┌─ Material for this task

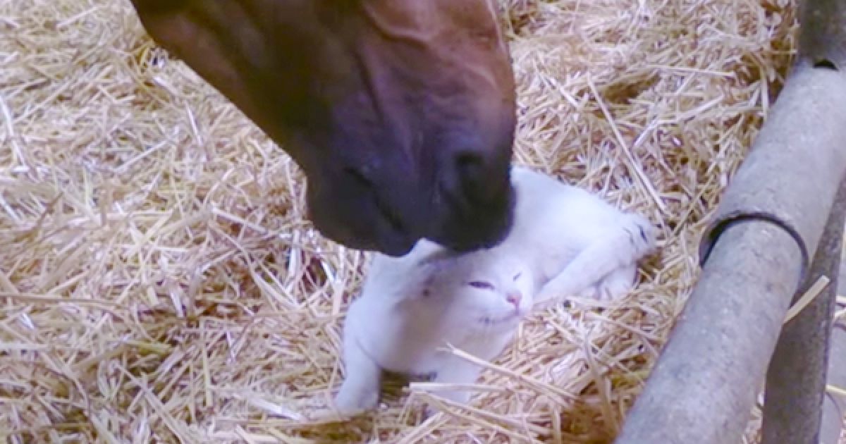 貓皇在馬面前一秒變萌寵 「被舔舔親親」不敢反抗太可愛
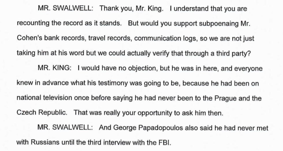 In this section, GOP idiot Peter King says UH HUH the DODGY DOSSIER has been disproven, because Trump asshole lawyer Michael Cohen says he wasn't in Prague meeting with Russian agents when the DODGY DOSSIER said he was. In response Democratic Rep. Eric Swalwell is like "Cool story, bro. I fuckin' DARE Y'ALL to subpoena his records, instead of just taking his word for it."
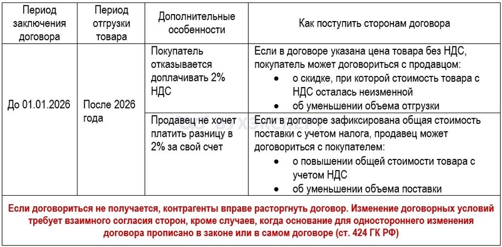 Если покупатель готов с 01.01.2026 уплачивать в цене поставки дополнительные 2% НДС, спокойно перейти на новые условия получится только в одном случае: если в 2025 завершены оплаты и поставки по договору без переходящих остатков.
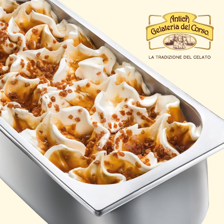 Vanilleeis mit gesalzener Karamellsauce (8 %) und karamellisierten Zuckerstückchen (4 %).Nettogewicht pro VE
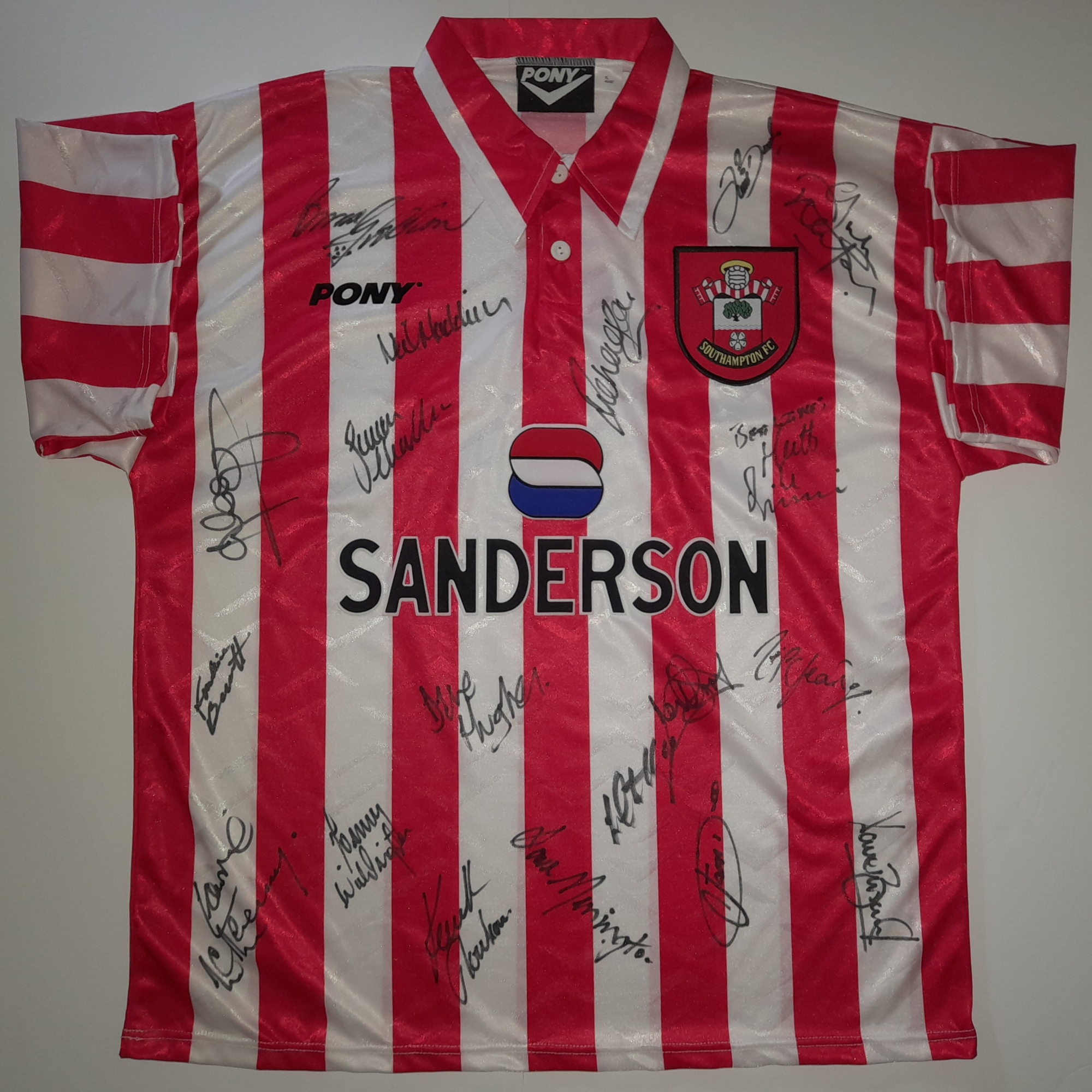 Southampton 1995-96 squad signed shirt, the season they beat Manchester United 3-1 also escaping relegation this season on goal difference. Autograp
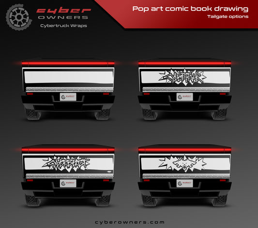 Pop art comic book drawing Cybertruck wrap
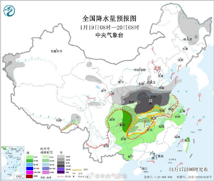 雨(雪)天气将出现在19日-21日前期,山区19日后半夜起转雨夹雪或雪,高山区局部中到大雪,平原地区20日有雨夹雪,21日早晨起雨雪过程结束。
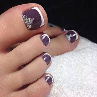 Белым цветом красится только краешек ногтевой пластины. Само основание покрывается лаком бежевого, светло-розового или бледно-персикового оттенка. Такой маникюр на пальчиках ног можно дополнить блестками, кристаллами или кружевом.
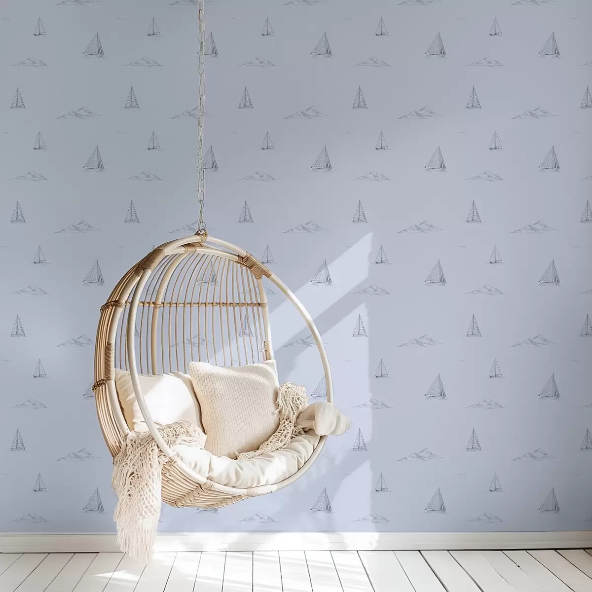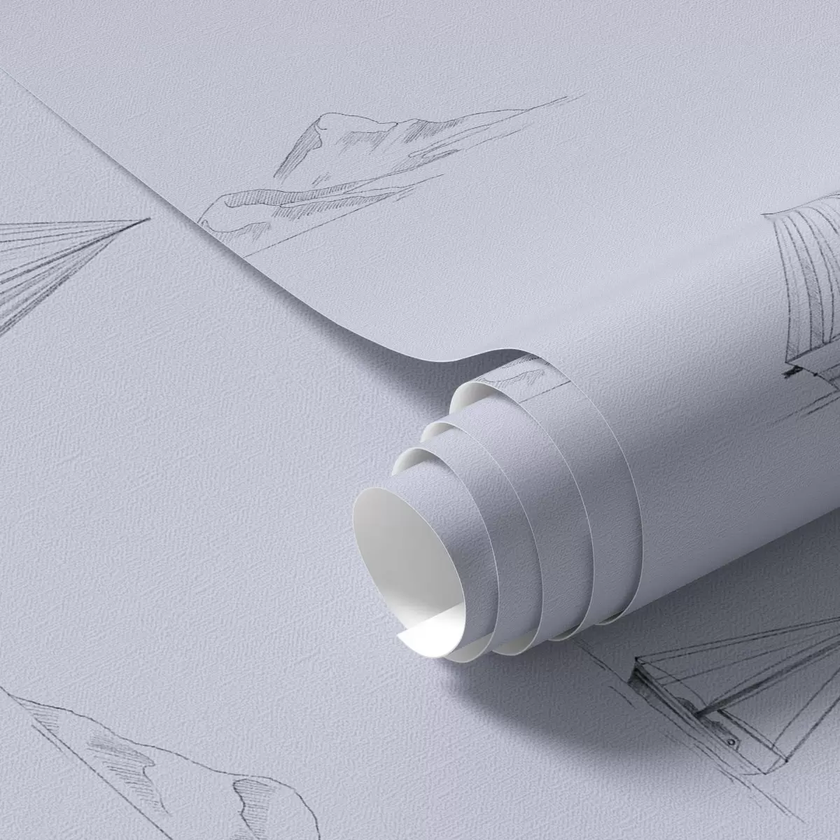 Tapet Skissa på yachter och öar, blå bakgrund Nr. a00654v3
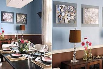 A veces nos planteamos pintar las paredes a dos colores, en el espacio superior e inferior, para así dar otro, exclusivo, aspecto a nuestras paredes.Si cuesta la elección del color, más difícil es la combinación entre ellos. En este caso se ha optado por un color celeste, aproximado al Azul Celeste que nos ayudará a resaltar los elementos expuestos, como son los cuadros y a su vez las lámparas, además aportará luminosidad en la sala. La realización de los cuadros, caseros, nos dá la idea Florencia enHogartotal.com pintando un premarco en grís para realzarlos.En la parte inferior se ha optado por el Mocca limitado por una moldura en blanco. Visualmente se logra integrar el color del mobiliario a las paredes con lo cual el efecto es reducción del espacio, ya que aumentamos la altura de los muebles y a la vez conseguiremos iluminar la estancia.…………………………………………………………………………………………………..Sometimes we think about painting the walls in two colours, in the space above and below, so as to give another unique aspect to our walls.If it costs the choice of colour, the harder it is the combination between them. In this case, we opted for a blue color, approximately Blue that will help us highlight the above features, such as tables and lamps in turn, will bring further brightness in the room. The realization of paintings, homemade, gives us the idea in Florence Hogartotal.comAt the bottom has been chosen by the Mocca , constrained by a white molding. Visually is integrated color of furniture to the walls with which the effect is shrinking space, as we increase the height of the furniture.

└─

* **Activity**
An exact copy is needed of the stretch above that opens with the line containing "Белым цветом красится" and closes with the line containing "Tapet Skissa på"; the pictures are not part of it.

* **Result of the task**
 Белым цветом красится только краешек ногтевой пластины. Само основание покрывается лаком бежевого, светло-розового или бледно-персикового оттенка. Такой маникюр на пальчиках ног можно дополнить блестками, кристаллами или кружевом.
 Tapet Skissa på yachter och öar, blå bakgrund Nr. a00654v3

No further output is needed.